А им придется мучиться и умирать.
Как-то, в сумерки, вскоре после похорон матери, Алексей Турбин, придя к отцу Александру, сказал:
— Да, печаль у нас, отец Александр. Трудно маму забывать, а тут еще такое тяжелое время… Главное, ведь только что вернулся, думал, наладим жизнь, и вот…
Он умолк и, сидя у стола, в сумерках, задумался и посмотрел вдаль. Ветви в церковном дворе закрыли и домишко священника. Казалось, что сейчас же за стеной тесного кабинетика, забитого книгами, начинается весенний, таинственный спутанный лес. Город по-вечернему глухо шумел, пахло сиренью.
— Что сделаешь, что сделаешь, — конфузливо забормотал священник. (Он всегда конфузился, если приходилось беседовать с людьми.) — Воля божья.
— Может, кончится все это когда-нибудь? Дальше-то лучше будет? — неизвестно у кого спросил Турбин.
Священник шевельнулся в кресле.
— Тяжкое, тяжкое время, что говорить, — пробормотал он, — но унывать-то не следует…
Потом вдруг наложил белую руку, выпростав ее из темного рукава ряски, на пачку книжек и раскрыл верхнюю, там, где она была заложена вышитой цветной закладкой.
— Уныния допускать нельзя, — конфузливо, но как-то очень убедительно проговорил он. — Большой грех — уныние… Хотя кажется мне, что испытания будут еще. Как же, как же, большие испытания, — он говорил все увереннее. — Я последнее время все, знаете ли, за книжечками сижу, по специальности, конечно, больше все богословские…
Он приподнял книгу так, чтобы последний свет из окна упал на страницу, и прочитал:
— «Третий ангел вылил чашу свою в реки и источники вод; и сделалась кровь».
2
Итак, был белый, мохнатый декабрь. Он стремительно подходил к половине. Уже отсвет рождества чувствовался на снежных улицах. Восемнадцатому году скоро конец.
Над двухэтажным домом № 13, постройки изумительной (на улицу квартира Турбиных была во втором этаже, а в маленький, покатый, уютный дворик — в первом), в саду, что лепился под крутейшей горой, все ветки на деревьях стали лапчаты и обвисли. Гору замело, засыпало сарайчики во дворе — и стала гигантская сахарная голова. Дом накрыло шапкой белого генерала, и в нижнем этаже (на улицу — первый, во двор под верандой Турбиных — подвальный) засветился слабенькими желтенькими огнями инженер и трус, буржуй и несимпатичный, Василий Иванович Лисович, а в верхнем — сильно и весело загорелись турбинские
В сумерки Алексей и Николка пошли за дровами в сарай.

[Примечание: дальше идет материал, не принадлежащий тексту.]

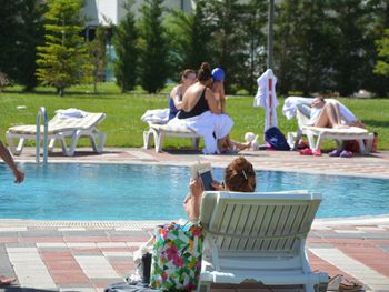 Нет вывесок на английском. В бассейн требуют надевать шапочку. Видно, что отель не новый.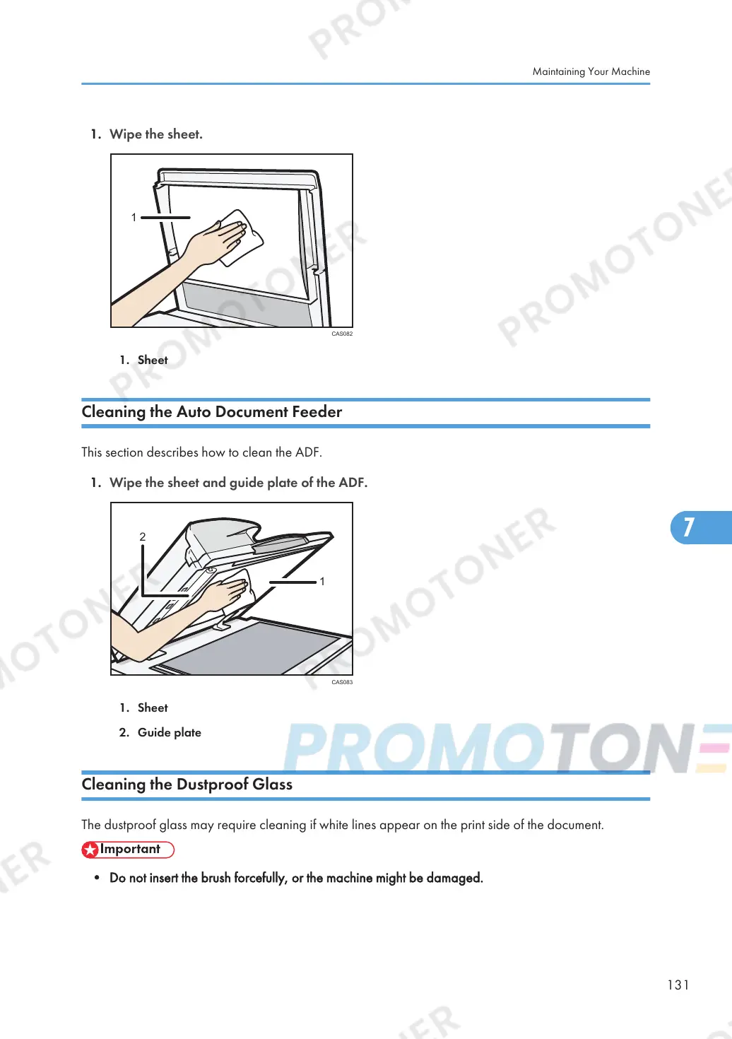 1. Wipe the sheet and guide plate of the ADF.

— Эх, эх, а дров до черта мало. Опять сегодня вытащили, смотри.
Из Николкиного электрического фонарика ударил голубой конус, а в нем видно, что обшивка со стены явно содрана и снаружи наскоро прибита.

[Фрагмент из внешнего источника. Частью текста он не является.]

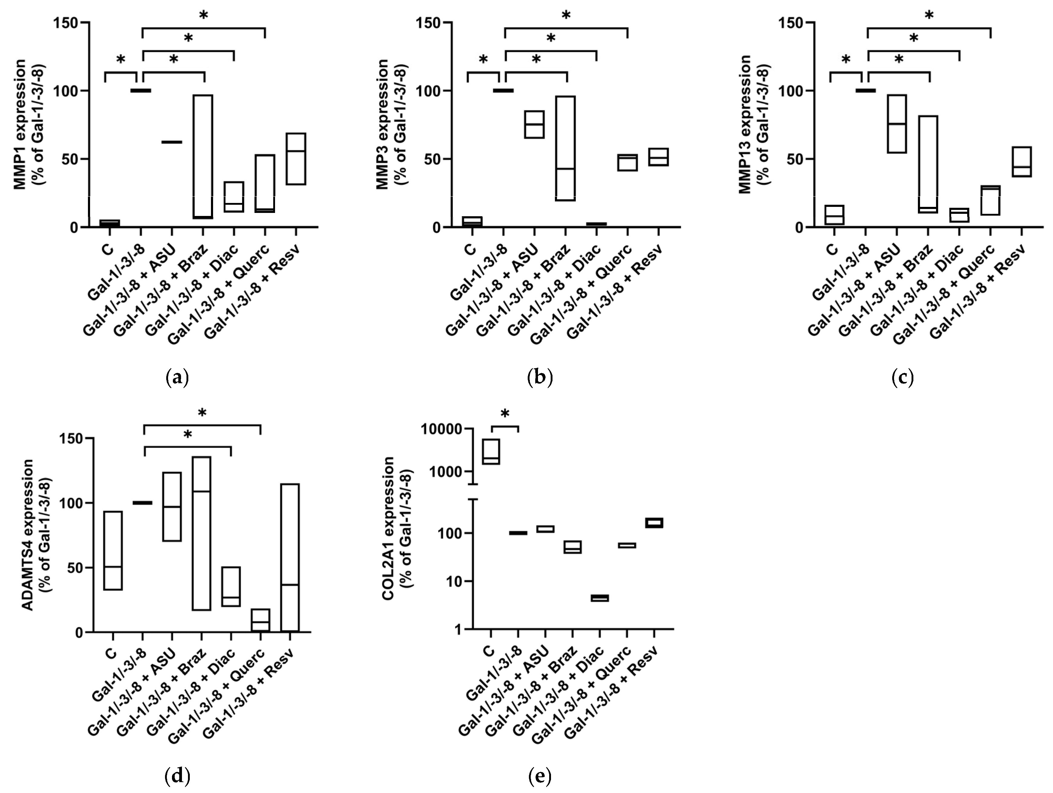 2.1. Phytochemicals Attenuate Galectin-Induced Upregulation of IL1B and MMP13 in Primary OA Chondrocytes
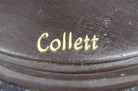 The "Dream Goddess" is a masterpiece of artistry and craftsmanship, crafted using the esteemed "Lost Wax Method" to ensure the preservation of every delicate detail. The stunning two-toned brown patina finish adds depth and dimension to the sculpture, enhancing its visual appeal and adding a timeless quality to its overall design. The intricate detailing of the sculpture, particularly the elaborate ring in which the goddess sits, reflects the artist's meticulous attention to creating a truly captivating and evocative piece. The signature of the esteemed artist Collett serves as a testament to the authenticity and quality of the sculpture, further enhancing its value and allure for collectors and art enthusiasts.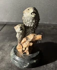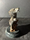 The Kitty Cantrell Legends Wolf Bust Figurine Sculpture is a handmade metal mixed media artwork featuring a 3D effect of wild wolves in a music-themed design. Created in 1994 in the United States, this limited edition piece is #330 out of 2500. The sculpture measures 5 1/8" tall 3" wide and 3" deep. The sculpture captures the essence of wildlife and art, making it a unique and collectible piece suitable for any room. About the artist: Kitty Cantrell has had a lifelong fascination with everything wild. She has studied the behaviors of animals with an artist’s eye and imagination. Her driving passion has been to capture the essence of the animals she chooses to depict in her artwork. It is her unique ability to capture the emotion of how we as the viewer feel about the animals she chooses to create, which has won her countless awards and critical acclaim. Her identification with the subject matter has led her to be one of the most widely collected wildlife artists working in the United States today. Mixed media is a combination of various fine metals such as lost wax bronze, fine pewter, brass, copper, 24 karat gold vermeil and various hot torched acid patinas such as black nickel, rose copper, and turquoise, to highlight the sculpture. In addition, the sculpture may contain embellishments such as Lucite. This piece was acquired as part of an estate sale. I am happy to answer any questions you may have.

— Вот бы подстрелить чертей! Ей-богу. Знаешь что: сядем на эту ночь в караул? Я знаю — это сапожники из одиннадцатого номера. И ведь какие негодяи! Дров у них больше, чем у нас.
— А ну их… Идем. Бери.
Ржавый замок запел, осыпался на братьев пласт, поволокли дрова. К девяти часам вечера к изразцам Саардама нельзя было притронуться.

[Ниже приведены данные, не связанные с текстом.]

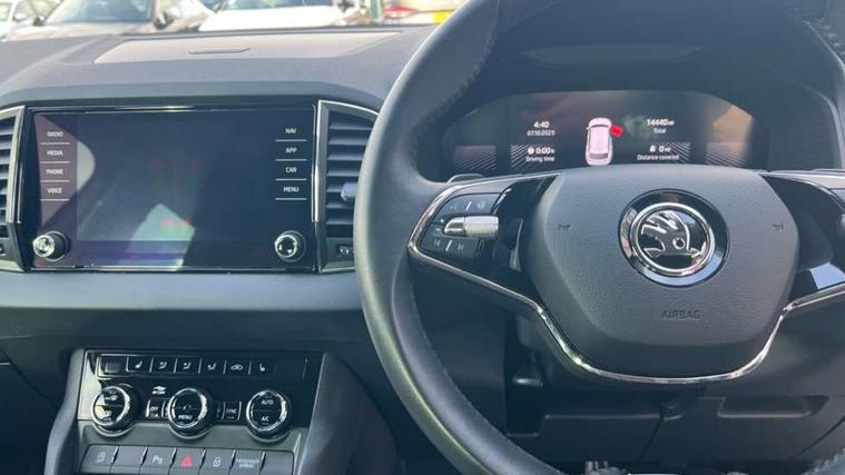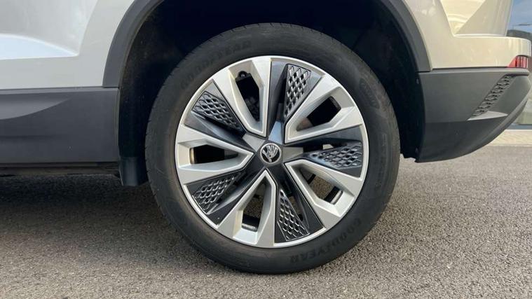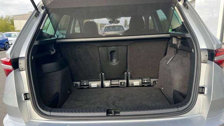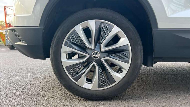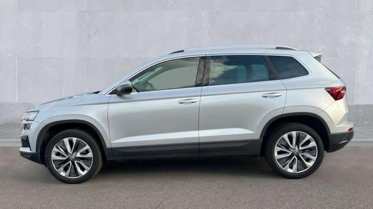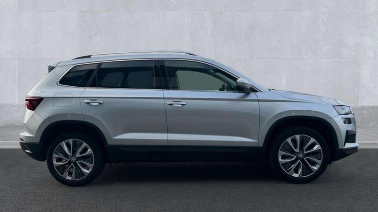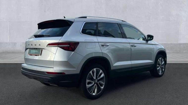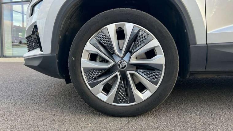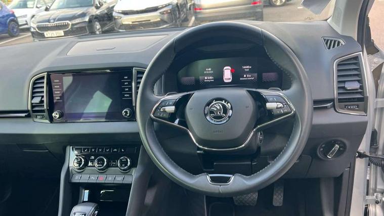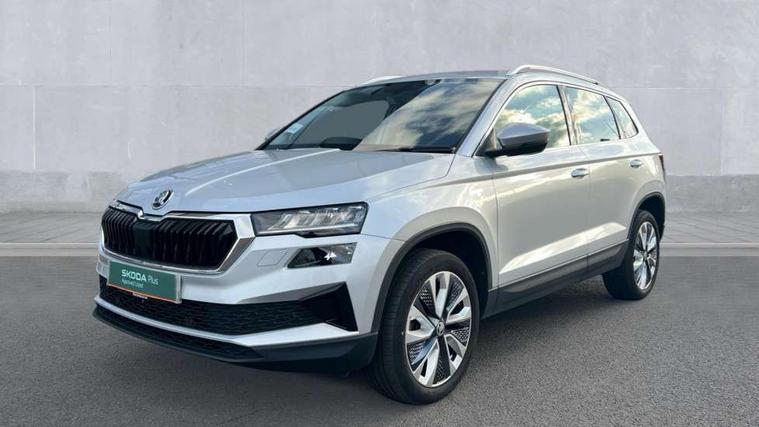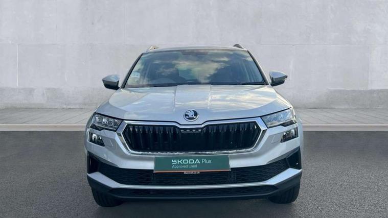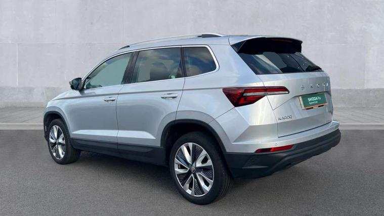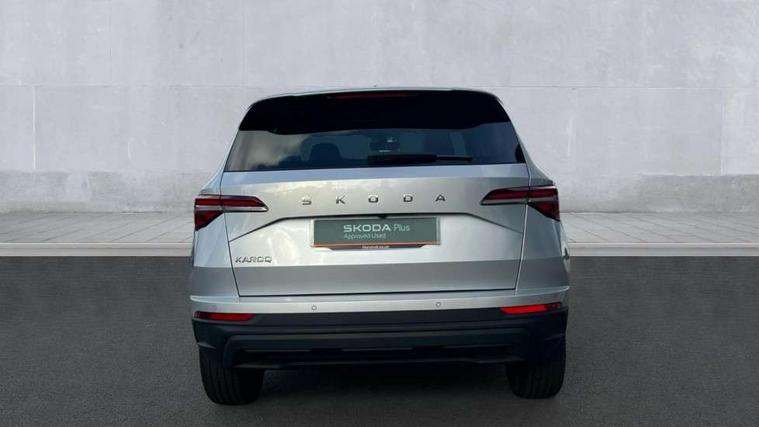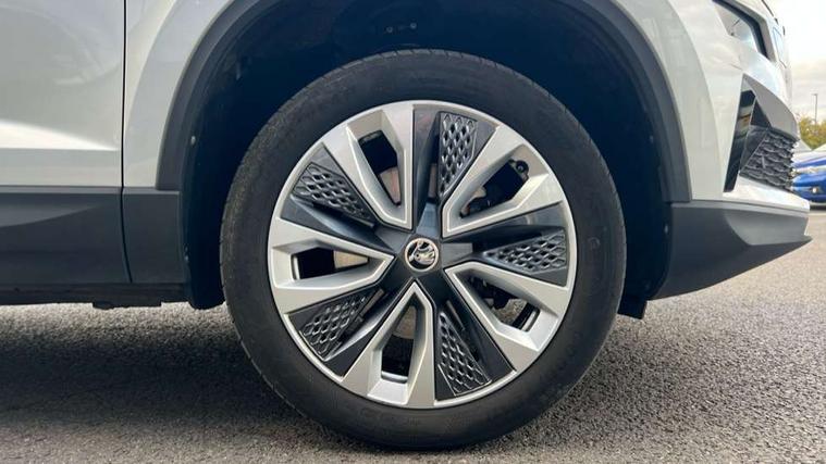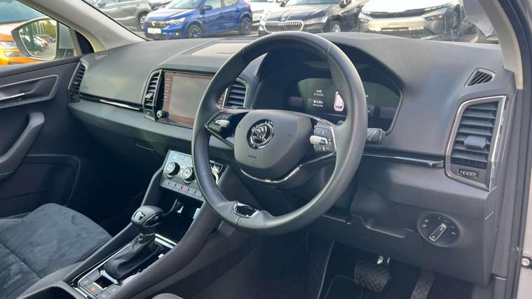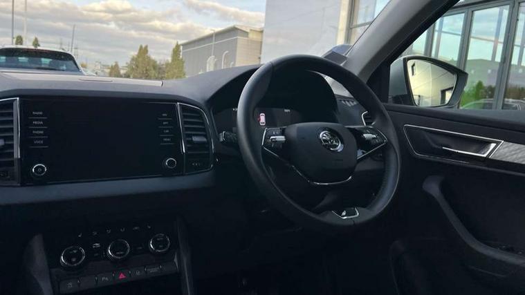8" Digital display, Care connect, Driver fatigue sensor, Emergency services call system, Outside temperature gauge, Service interval indicator, SmartLink wireless for Apple and wired for Android, Start/stop system with regenerative braking, USB C Port x 2 in front centre console, 8 Speakers, DAB radio with Bluetooth, USB connection, Acoustic glass, Aero front windscreen wipers with intermittent function, Auto dimming rear view mirror with light and rain sensors, Black electric window control buttons, Body colour door mirrors and handles, Dynamic headlight range control with cornering light function, Electric front and rear windows with child proof lock, Heated rear windscreen, LED daytime running lights, LED rear lights with high functionality welcome effect and dynamic indicators, Light assistant (coming/leaving home/tunnel light), Plastic scuff plates, Privacy glass, Rear side wing doors, Rear spoiler, Rear window wiper with washer system and intermittent control, Safety reflectors on front doors, 1.5 litre bottle holders in driver and front passenger door panels, 12V socket in boot, 12v socket in front centre armrest with storage compartment and rear air vents, 2 spoke leather heated multifunction steering wheel with DSG paddles, 2 x Tablet holder, 3 rear height adjustable headrests, 3 seat bench in 2nd row, 4 foldable roof handles with rear coat hooks, Black floor carpet, Chrome inner door handles, Decorative door sills with KAROQ badging, Double sided boot floor, Foldable hooks in the boot, Front head restraints, Height adjustable front three point seats belts with tensioners, Height/reach adjust steering wheel, Ice scraper, Illuminated glovebox, Illuminated luggage compartment, Isofix child seat preparation for front passenger seat, Isofix child seat preparation outer rear, Manual lumbar support for front seats, Pen holder, Pollen filter, Rear boot cover, Rear reading lights, Rubbish bin door, Safety vest holder, Single front passenger seat, Storage box in upper central dashboard closed, Sunvisors with illuminated vanity mirrors, Textile floor mats, Ticket holder, VarioFlex seats with standard rear seat release, Boot pack - Karoq, Chrome roof rails + chrome pack - Karoq, Parking pack - Karoq, Automatic door unlocking in case of crash, Automatic fuel cut off in case of crash, Child locks on rear doors, Driver airbag, Electronic parking brake with auto hold function, Emergency rear braking signal, ESC including ABS, MSR, ASR, EDS, HBA, DSR, RBS, MKB and traction control, Front side airbags, Hill hold control, Knee airbags, Passenger airbag with switch-off function, Pedestrian monitor, Seatbelt reminder signalisation and pretensioner for all seats, Three point seatbelts rear, Two tone horn, Tyre pressure display, Tyre pressure monitor, Alarm with interior monitoring, back up horn and tilt sensor with safe function, Electronic engine immobiliser, Keyless entry and start/stop, Remote central locking with 2 remote folding keys, Chrome framed air vents, 18" Procyon silver alloy wheels with anthracite aero inserts, Anti-theft wheel bolts protection, Storage on wheel cover, Tool kit,

Замечательная печь на своей ослепительной поверхности несла следующие исторические записи и рисунки, сделанные в разное время восемнадцатого года рукою Николки тушью и полные самого глубокого смысла и значения:
«Если тебе скажут, что союзники спешат к нам на выручку, — не верь. Союзники — сволочи. Он сочувствует большевикам.»
Рисунок: рожа Момуса.
Подпись:
«Улан Леонид Юрьевич».
«Слухи грозные, ужасные, Наступают банды красные!»Рисунок красками: голова с отвисшими усами, в папахе с синим хвостом.
Подпись:
«Бей Петлюру!»
Руками Елены и нежных и старинных турбинских друзей детства — Мышлаевского, Карася, Шервинского — красками, тушью, чернилами, вишневым соком записано:
«Елена Васильевна любит нас сильно,
Кому — на, а кому — не.»
«Леночка, я взял билет на Аиду.
Бельэтаж № 8, правая сторона.»
«1918 года, мая 12 дня я влюбился.»
«Вы толстый и некрасивый.»
«После таких слов я застрелюсь.»
(Нарисован весьма похожий браунинг.)
«Да здравствует Россия!
Да здравствует самодержавие!»
«Июнь. Баркарола.»
«Недаром помнит вся Россия
Про день Бородина.»
Печатными буквами, рукою Николки:
«Я таки приказываю посторонних вещей на печке не писать под угрозой расстрела всякого товарища с лишением прав. Комиссар Подольского райкома. Дамский, мужской и женский портной Абрам Пружинер,
1918 года, 30-го января.»
Пышут жаром разрисованные изразцы, черные часы ходят, как тридцать лет назад: тонк-танк. Старший Турбин, бритый, светловолосый, постаревший и мрачный с 25 октября 1917 года, во френче с громадными карманами, в синих рейтузах и мягких новых туфлях, в любимой позе — в кресле с ногами. У ног его на скамеечке Николка с вихром, вытянув ноги почти до буфета, — столовая маленькая. Ноги в сапогах с пряжками. Николкина подруга, гитара, нежно и глухо: трень… Неопределенно трень… потому что пока что, видите ли, ничего еще толком не известно. Тревожно в Городе, туманно, плохо…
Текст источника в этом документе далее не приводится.